Williams & Williams sells all types of residential and commercial real estate properties. On the commercial side that includes everything from traditional office, retail and multifamily properties to specialized assets such as vineyards and golf courses. In the last 10 years, Williams & Williams has sold more than $10 billion in real estate across all 50 states, as well as Puerto Rico, Central America and Europe. And in February, Williams & Williams announced plans to expand into the Canadian market through a partnership with Ontario-based Real Estate Auction Canada.

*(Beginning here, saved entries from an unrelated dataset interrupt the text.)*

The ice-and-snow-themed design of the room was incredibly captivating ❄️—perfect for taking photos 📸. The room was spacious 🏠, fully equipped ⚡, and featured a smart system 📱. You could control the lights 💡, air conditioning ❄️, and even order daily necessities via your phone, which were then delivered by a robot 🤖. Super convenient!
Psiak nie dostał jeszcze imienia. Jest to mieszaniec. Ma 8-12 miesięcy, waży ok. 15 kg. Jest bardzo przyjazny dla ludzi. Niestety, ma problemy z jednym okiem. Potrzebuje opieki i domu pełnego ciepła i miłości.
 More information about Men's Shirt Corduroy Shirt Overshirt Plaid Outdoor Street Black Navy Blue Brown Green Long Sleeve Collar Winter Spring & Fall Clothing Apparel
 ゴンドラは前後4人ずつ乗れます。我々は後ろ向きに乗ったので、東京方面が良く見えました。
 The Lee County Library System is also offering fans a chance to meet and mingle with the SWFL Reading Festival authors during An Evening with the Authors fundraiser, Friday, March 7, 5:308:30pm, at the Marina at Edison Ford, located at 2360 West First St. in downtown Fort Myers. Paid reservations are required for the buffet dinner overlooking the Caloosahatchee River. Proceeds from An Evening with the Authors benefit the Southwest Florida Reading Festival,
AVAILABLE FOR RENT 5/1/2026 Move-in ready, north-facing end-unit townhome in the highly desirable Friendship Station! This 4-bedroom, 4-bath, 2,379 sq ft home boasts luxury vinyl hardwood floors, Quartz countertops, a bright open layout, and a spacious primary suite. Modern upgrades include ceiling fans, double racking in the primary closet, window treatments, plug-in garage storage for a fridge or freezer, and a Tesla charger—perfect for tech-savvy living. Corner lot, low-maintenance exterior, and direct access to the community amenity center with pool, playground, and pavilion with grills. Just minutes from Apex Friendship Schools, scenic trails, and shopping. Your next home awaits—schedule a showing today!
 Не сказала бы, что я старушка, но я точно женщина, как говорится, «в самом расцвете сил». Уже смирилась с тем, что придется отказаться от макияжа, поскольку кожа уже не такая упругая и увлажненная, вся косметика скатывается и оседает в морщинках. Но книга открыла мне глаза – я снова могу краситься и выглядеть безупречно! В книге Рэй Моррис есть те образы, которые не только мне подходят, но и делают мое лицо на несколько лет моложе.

At Williams & Williams, one of the strategies for growing its non-default commercial business has been focused on forming strategic broker alliances with major brokerages. “What we did was decide to fish where the fish are,” says Fitzwilson. Brokers that are referring properties retain a commission that is consistent with any co-broker transaction. The company also pays any buyer brokers that are involved in the transaction.
In particular, Williams & Williams formed a strategic alliance with JLL in December 2013. “It took a while for us to get in there and educate their brokers on what the advantages of an auction are,” says Fitzwilson. “Now what we are seeing is that relationship being taken to a new level.”
The firm is seeing a growing number of deals coming from JLL. Later this month, JLL and Williams & Williams are set to auction off more than 30 real estate assets owned by oilfield services giant Halliburton Corp.
“The key to auction is an aggressive marketing program, which is what we do well,” says Fitzwilson.
Williams & Williams also continues to send a team to the sale property on auction day for a live auction, while at the same time bringing in a live online audience to compete. So bidders have a choice to show up in person or register in advance and go online to bid in real time.
“Our data supports that we see a boost in high bids when we have a live and online simultaneous auction as compared to just selling using one or the other,” adds Fitzwilson. “We believe that the two of those things combined [are] very powerful."